» Assignment
Do not include the pictures; repeat the rest of the data exactly.

» Provided data
────────────────

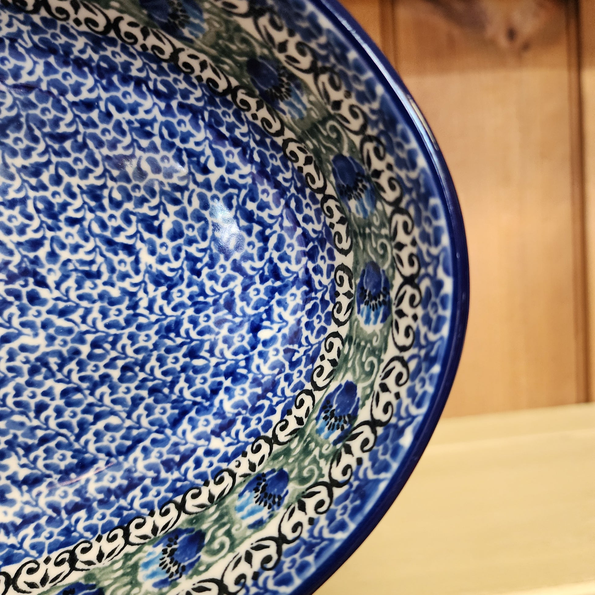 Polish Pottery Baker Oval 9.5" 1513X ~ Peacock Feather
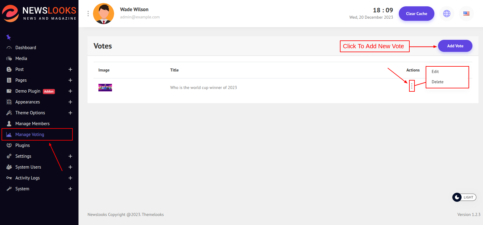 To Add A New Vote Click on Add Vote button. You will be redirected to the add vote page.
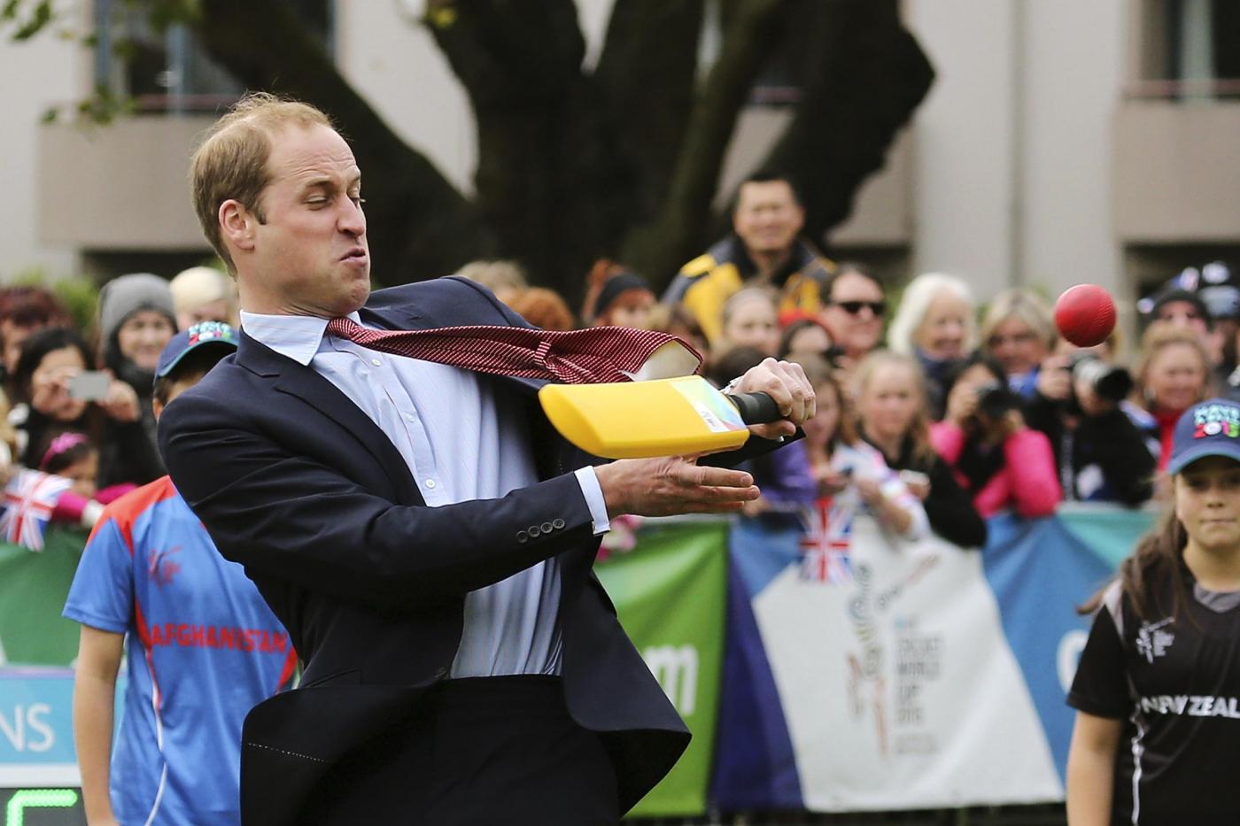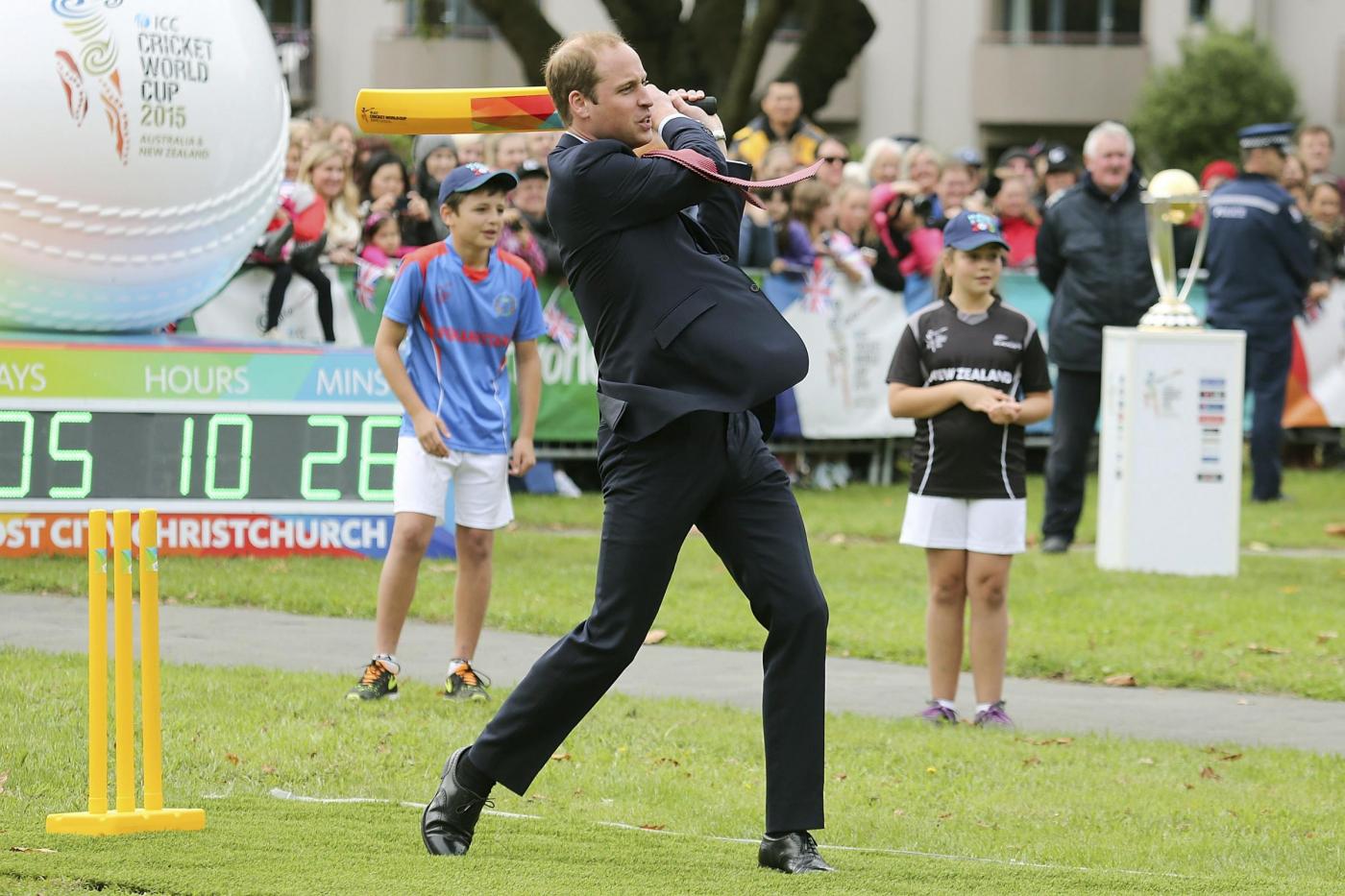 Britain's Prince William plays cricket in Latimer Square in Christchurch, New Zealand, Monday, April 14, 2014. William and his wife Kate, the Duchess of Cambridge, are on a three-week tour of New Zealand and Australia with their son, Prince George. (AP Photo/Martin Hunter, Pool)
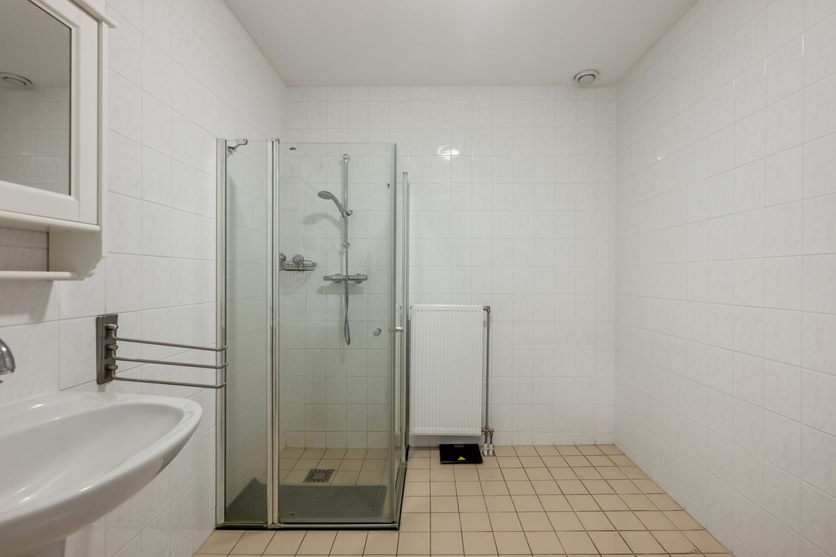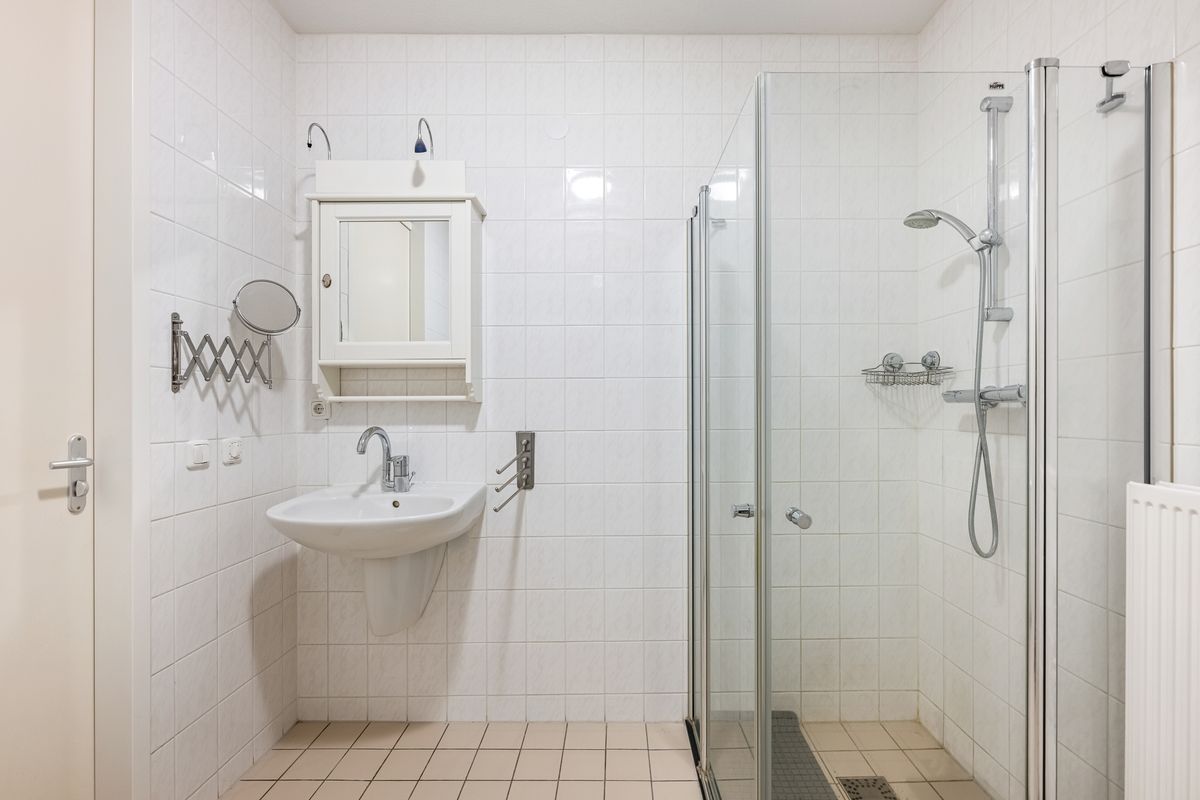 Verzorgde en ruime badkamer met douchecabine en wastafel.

────────────────

» Written answer
 Polish Pottery Baker Oval 9.5" 1513X ~ Peacock Feather
 To Add A New Vote Click on Add Vote button. You will be redirected to the add vote page.
 Britain's Prince William plays cricket in Latimer Square in Christchurch, New Zealand, Monday, April 14, 2014. William and his wife Kate, the Duchess of Cambridge, are on a three-week tour of New Zealand and Australia with their son, Prince George. (AP Photo/Martin Hunter, Pool)
 Verzorgde en ruime badkamer met douchecabine en wastafel.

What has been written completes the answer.